Only two days in and already this series has contained enough drama, twists and turns for HBO to have commissioned it for a box set. If Wednesday brought mayhem under gloomy skies as the bowlers ran riot, the second sunlit day provided a cricket story of a kind unmatched as long as Test cricket has been played.
Barely 24 hours previously Ashton Agar, a teenager not even included among Australian pen portraits in the match programme, found himself a celebrated Australian.
A few minutes before midday Agar was the last man walking to the crease with his side having lost five wickets for nine runs in 32 balls to a rampant Jimmy Anderson and Graeme Swann. At 117 for nine they were facing not just a considerable first-innings deficit but defeat in the first Test.
Highest tail-end Test score
Two hours and 14 minutes later he pulled a Stuart Broad bouncer to deep midwicket to be caught by Swann and thus deny himself, by two paltry runs, an Ashes hundred, in his debut innings and batting at number 11. It is the highest score by a Test tail-end Charlie.
Agar did it in the company of Phil Hughes who played an intelligent, understated sidekick to the younger man’s ebullience, they obliterated by a dozen runs the previous record of 151 for the last wicket.
Agar drove and pulled. He belted Swann for six and then did it again for a second to go with a dozen fours.
There was a late-cut to bring the scores level so delicate he might have been patting a baby’s head. He even flamingoed the magnificent Anderson through midwicket in a manner that would have brought a smile to the lips of its master, Kevin Pietersen.
And as Swann took his tumbling catch, there was not a person in the ground who would have begrudged him a hundred. Agar just grinned endearingly.
The pair had transformed the match. They left England not with the lead they expected but 65 runs behind and by such things are sagging spirits lifted.
In mid-afternoon, in the afterglow, their Australian counterparts, so errant with the new ball in the first innings, came at England hard.
Joe Root was given out caught behind for five, having feathered Mitchell Starc down the leg side, and next ball Jonathan Trott, with one full and swinging in, was caught in front.
Thunderous vehemence
Starc and his compatriots roared their appeal with thunderous vehemence but Aleem Dar was unmoved. Trott indicated firmly to Alastair Cook he had managed the thinnest of edges. But Michael Clarke called for a review and, to general amazement and Dar's evident chagrin, the third umpire, Marais Erasmus, overturned the decision.

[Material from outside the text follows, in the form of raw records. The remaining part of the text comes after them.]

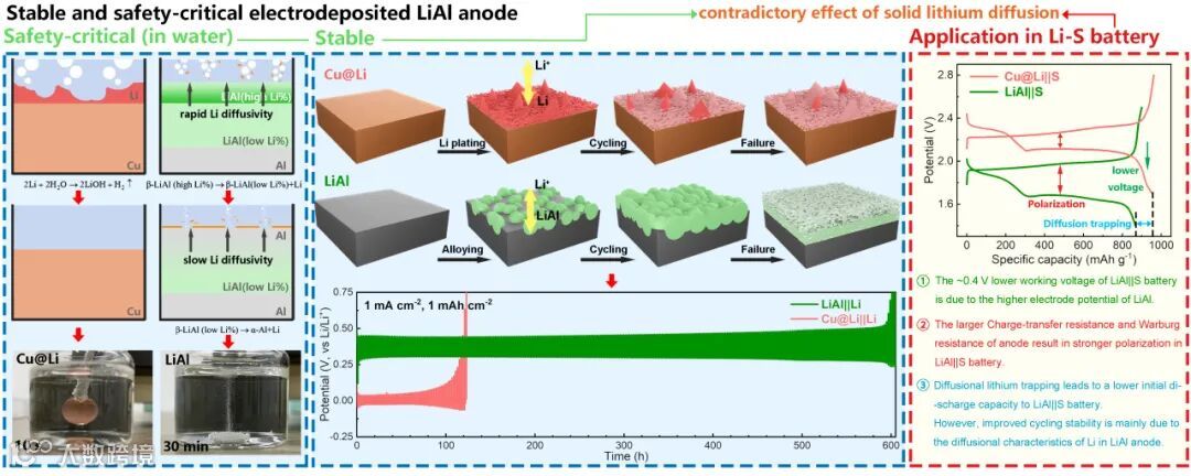 Graphical abstract β-LiAl+α-Al复合锂铝合金电极的遇水安全性,循环稳定性以及在LiAl||S全电池中的运行特点与成因
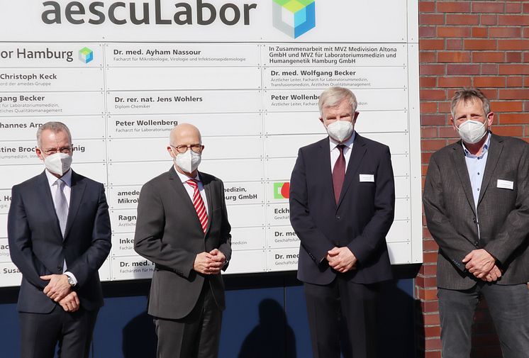 vl: Prof. Dr. Christoph Keck, Leiter Laborgruppe Nord der amedes, Dr. Peter Tschentscher, Erster Hamburger Bürgermeister, Wolf Frederic Kupatt, CEO amedes, Dr. Wolfgang Becker, Ärztlicher Leiter aescuLabor
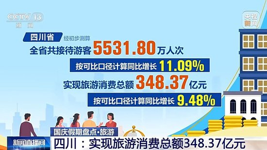 四川省经初步测算,全省共接待游客5531.80万人次,实现旅游消费总额348.37亿元,按可比口径计算,同比分别增长11.09%和9.48%。全省核心旅游景区“状态拉满”,17家5A级景区累计接待游客426.93万人次、实现门票收入1.85亿元,同比分别增长25.06%和15.48%,超越假日历史最高水平。九寨沟景区连续4天均达4.1万人承载量上限。
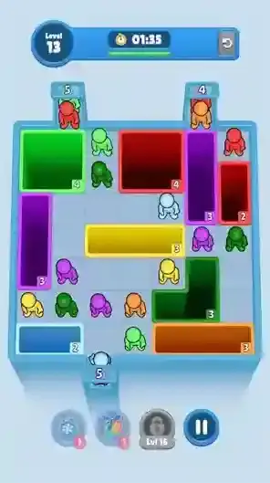 2、每关都会有不同颜色的小人需要进入对应的洞口,每个洞口可以进入的小人数量是有限的。
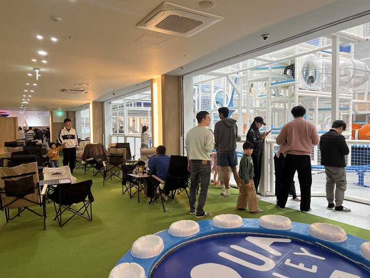 아쿠아밸리는 피크닉 밸리로써 육아에 지친 부모님들이 캠핑 온 것처럼 편안하게 음식과 차를 마시며 쉴 수 있는 공간이다.
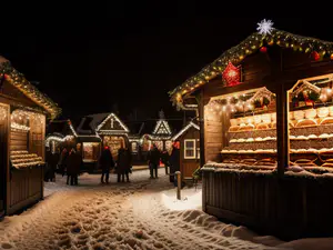 Betoverende avondopname van een traditionele wintermarkt met prachtig verlichte houten kraampjes in de sneeuw. De warme gloed van kerstverlichting en decoratieve lichtjes creëert een magische winterse sfeer. Bezoekers wandelen tussen de kraampjes door terwijl verse sneeuw het tafereel bedekt. perfect voor promotie van winterevenementen en kerstm...
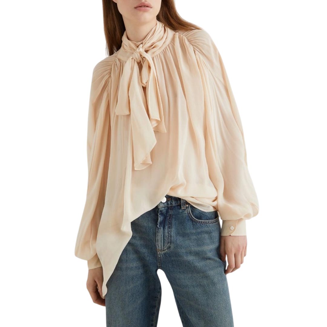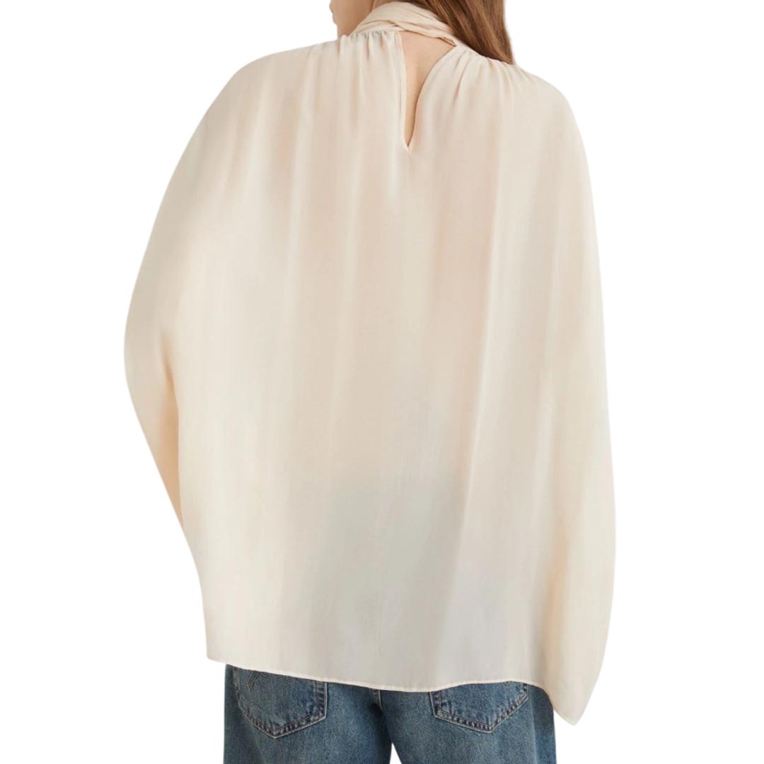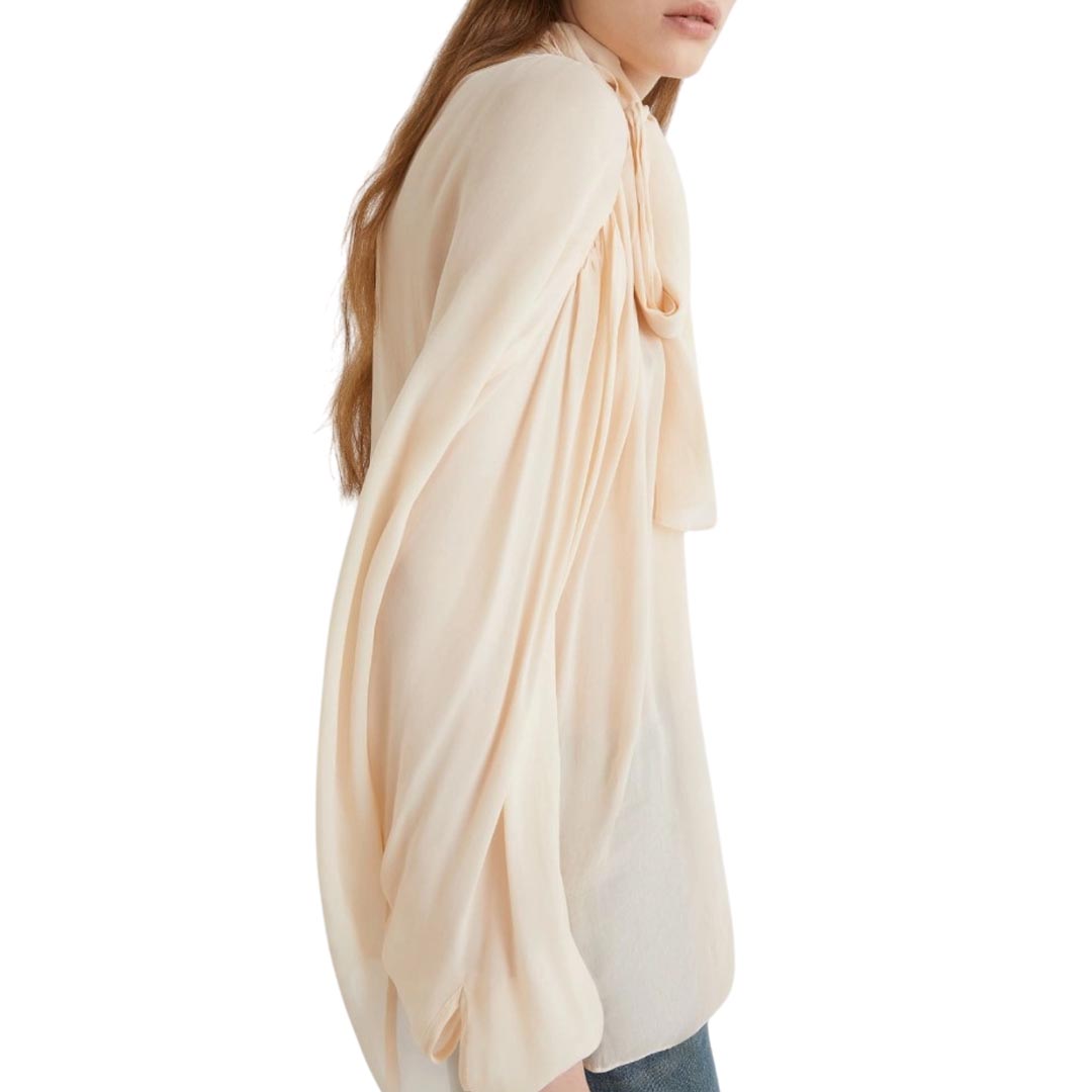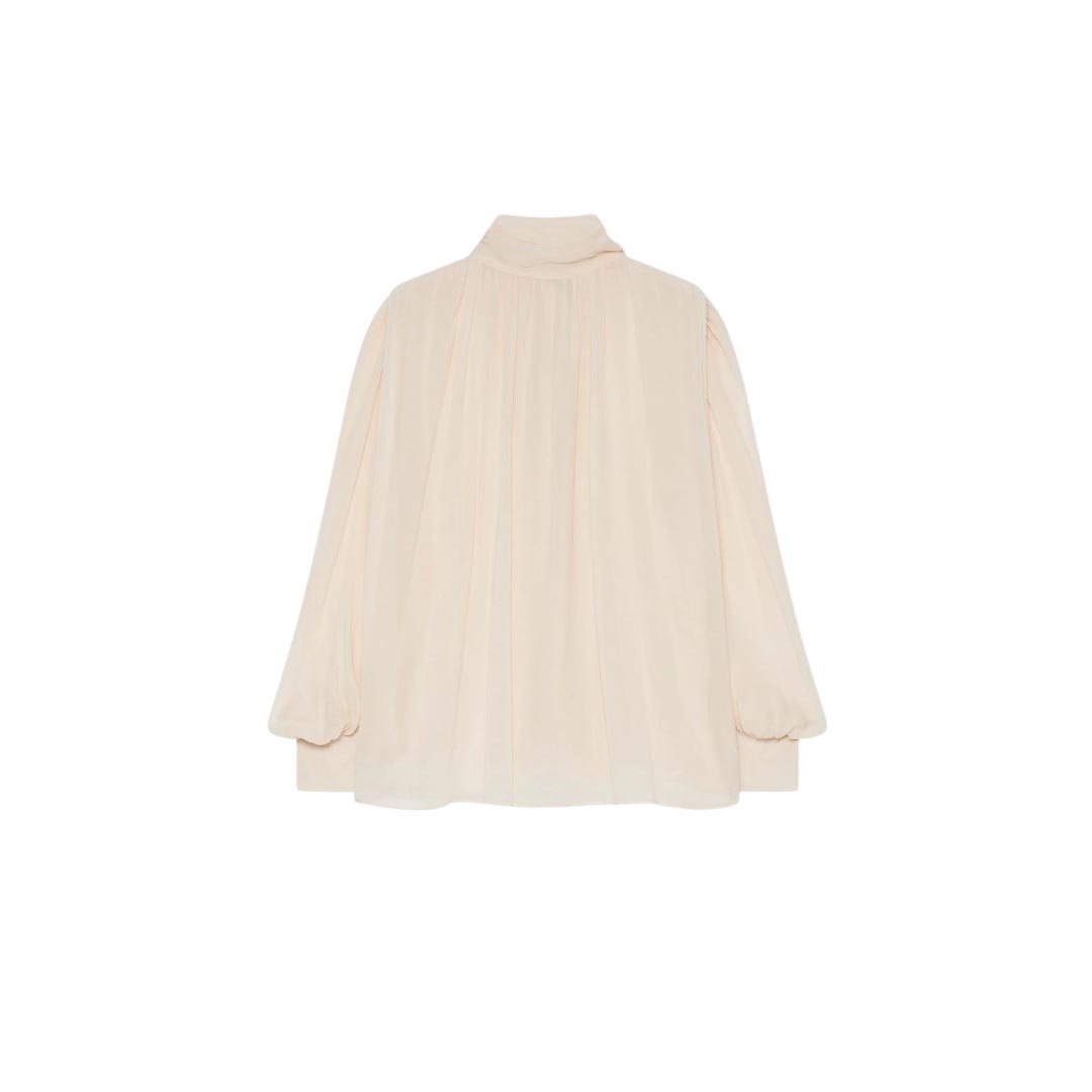 Tessuto principale contenente materie prime derivanti dalla cellulosa del legno, fibra ricavata nel rispetto del patrimonio forestale Blusa in georgette di viscosa Fit regolare Collo alto con chiusura posteriore a goccia e fiocco Motivo di arricci su tutto lo scollo Manica lunga con sbuffo al polso
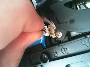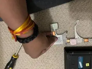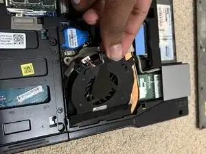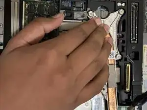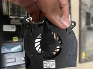 Снимите кусочек черной ленты, заполняющей соединение вентилятора с вытяжным отверстием. Поднимите левую сторону вентилятора рядом с батареей CMOS, чтобы извлечь вентилятор.
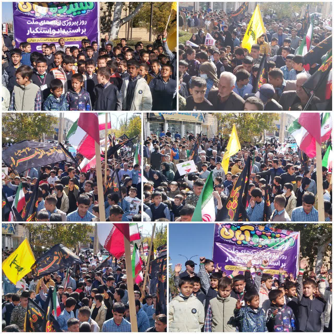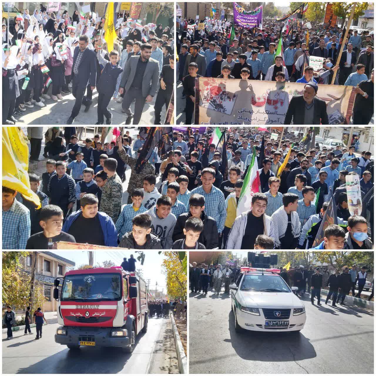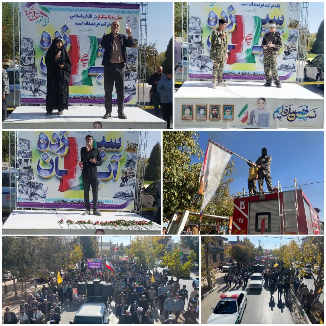 همزمان با سراسر کشور، مراسم راهپیمایی سیزدهم آبانماه، سالروز تسخیر لانه جاسوسی آمریکا و روز دانشآموز، صبح امروز با حضور گسترده مردم و دانشآموزان در شهر آبسرد برگزار شد.
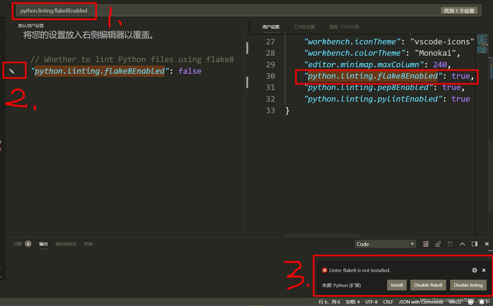点击左侧默认用户设置"python.linting.flake8Enabled: false的笔形图形,选择true;或者直接在右侧栏自定义设置中,添加"python.linting.flake8Enabled": true
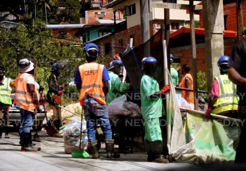 On closer observation of the barrier I see it as a metaphor for a much larger issue in our society. In Trinidad and Tobago we ignore the CEPEP Workers whose job it is to cut and maintain the nations streets. The ‘gang’ of people dressed similarly in fluorescent vests and dark clothing as in the photographs I captured also use dark blue tarps and orange barriers.
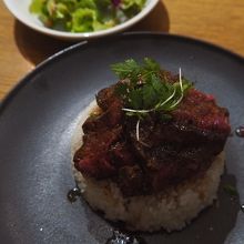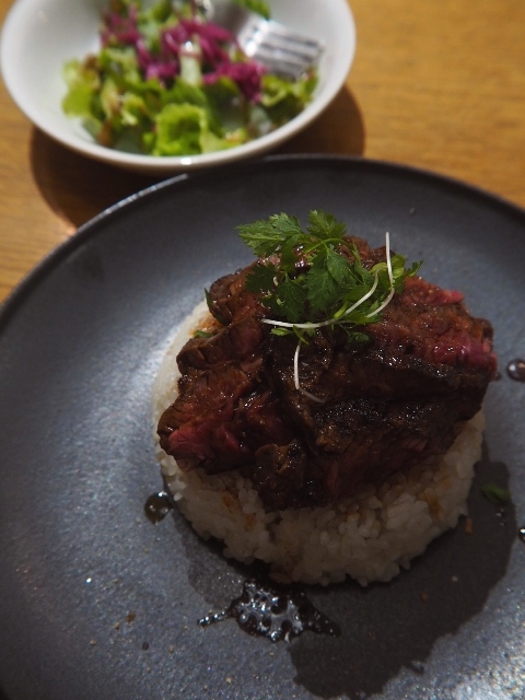 皿の上にライスを半球状に盛り、タレを掛け、ローストビーフのスライスをこれでもか、とトッピング。肉とライスという、シンプルな料理。
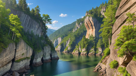 mysterious forest with cliffs and the river with bluish green water
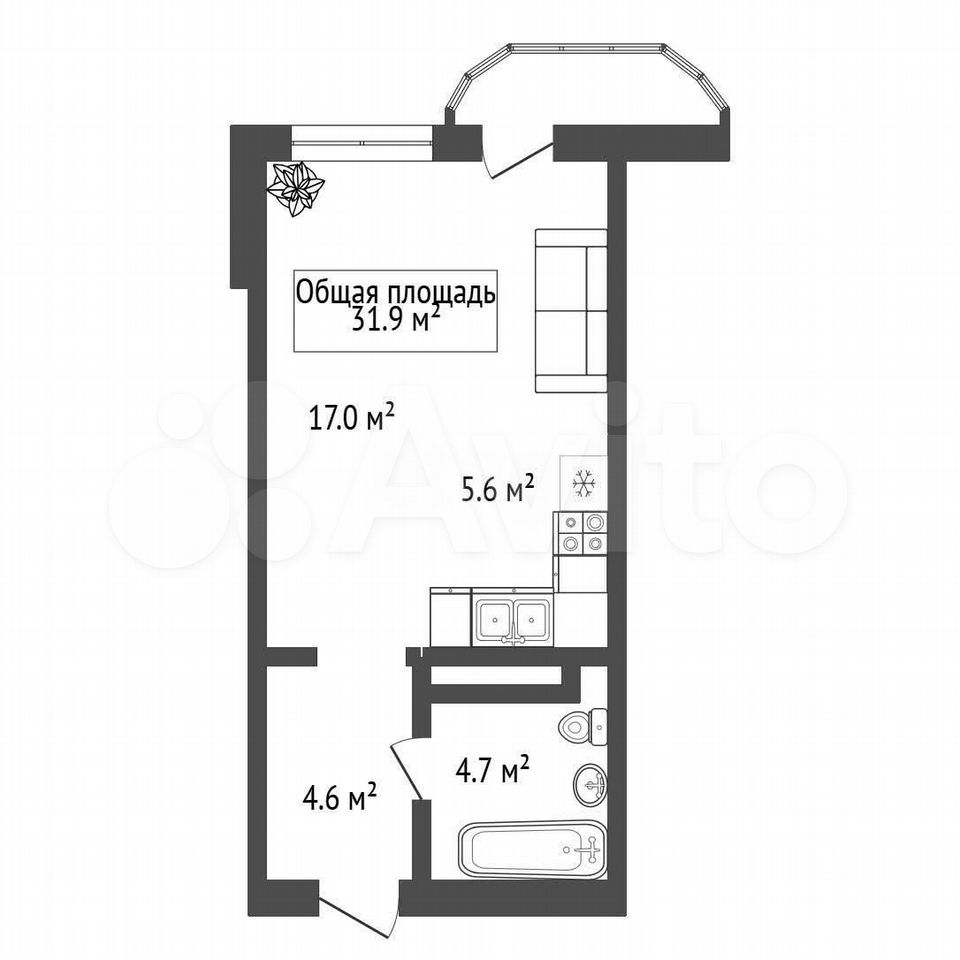 - Общая площадь: 31.9 м2

It took Cook (37 not out) and Pietersen (35 not out) to bat England through the final session without further mishap, adding 69 for the third wicket so they will resume on 80 for two, a lead of 15.
To win the match England might need another 240: to be comfortable 300 more. It will be no easy task for, while the pitch does promise to become awkward, the game has moved at an alarming rate so that there is two days' wear only. Australia still hold the upper hand.